### GIVEN DATA
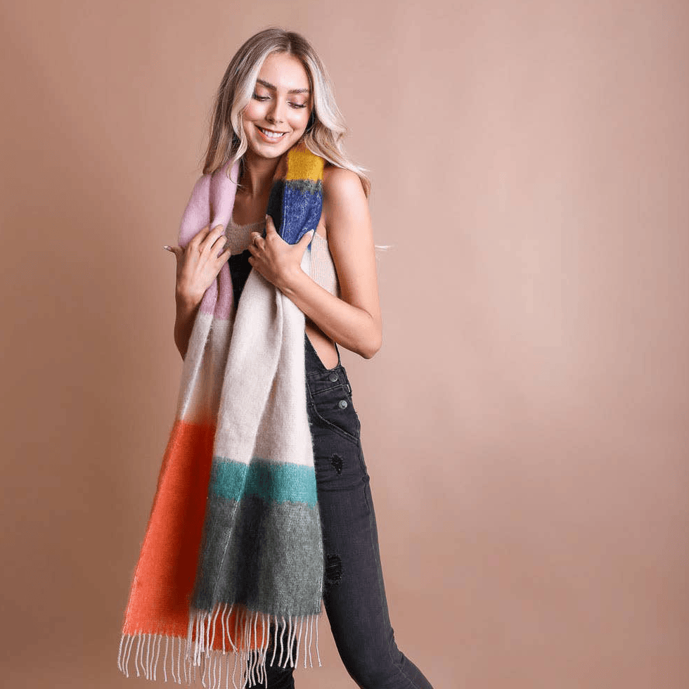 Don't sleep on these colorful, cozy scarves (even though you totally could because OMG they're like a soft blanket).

* * *

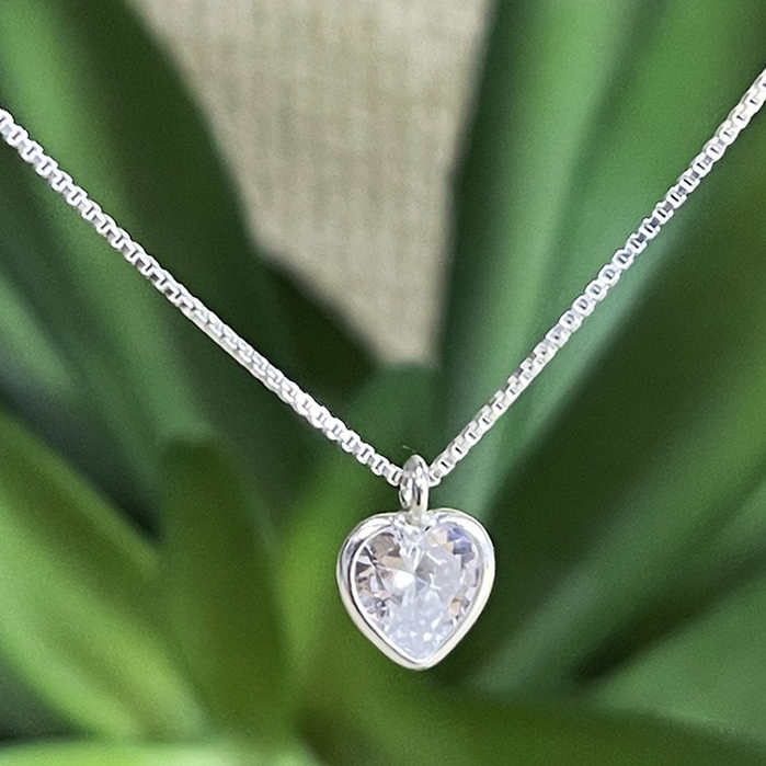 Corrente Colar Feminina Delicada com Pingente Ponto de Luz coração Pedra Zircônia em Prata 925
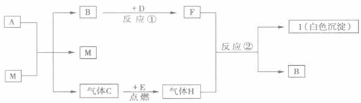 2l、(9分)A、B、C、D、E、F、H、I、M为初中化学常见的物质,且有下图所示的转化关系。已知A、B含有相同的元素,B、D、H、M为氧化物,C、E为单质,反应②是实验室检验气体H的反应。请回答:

### YOUR GOAL
Starting with the line above that holds "Corrente Colar Feminina", restate each line word for word up to and including the line that holds "2l、(9分)A、B、C、D". Drop the pictures.

### OUTPUT FOR THIS EXERCISE
 Corrente Colar Feminina Delicada com Pingente Ponto de Luz coração Pedra Zircônia em Prata 925
 2l、(9分)A、B、C、D、E、F、H、I、M为初中化学常见的物质,且有下图所示的转化关系。已知A、B含有相同的元素,B、D、H、M为氧化物,C、E为单质,反应②是实验室检验气体H的反应。请回答:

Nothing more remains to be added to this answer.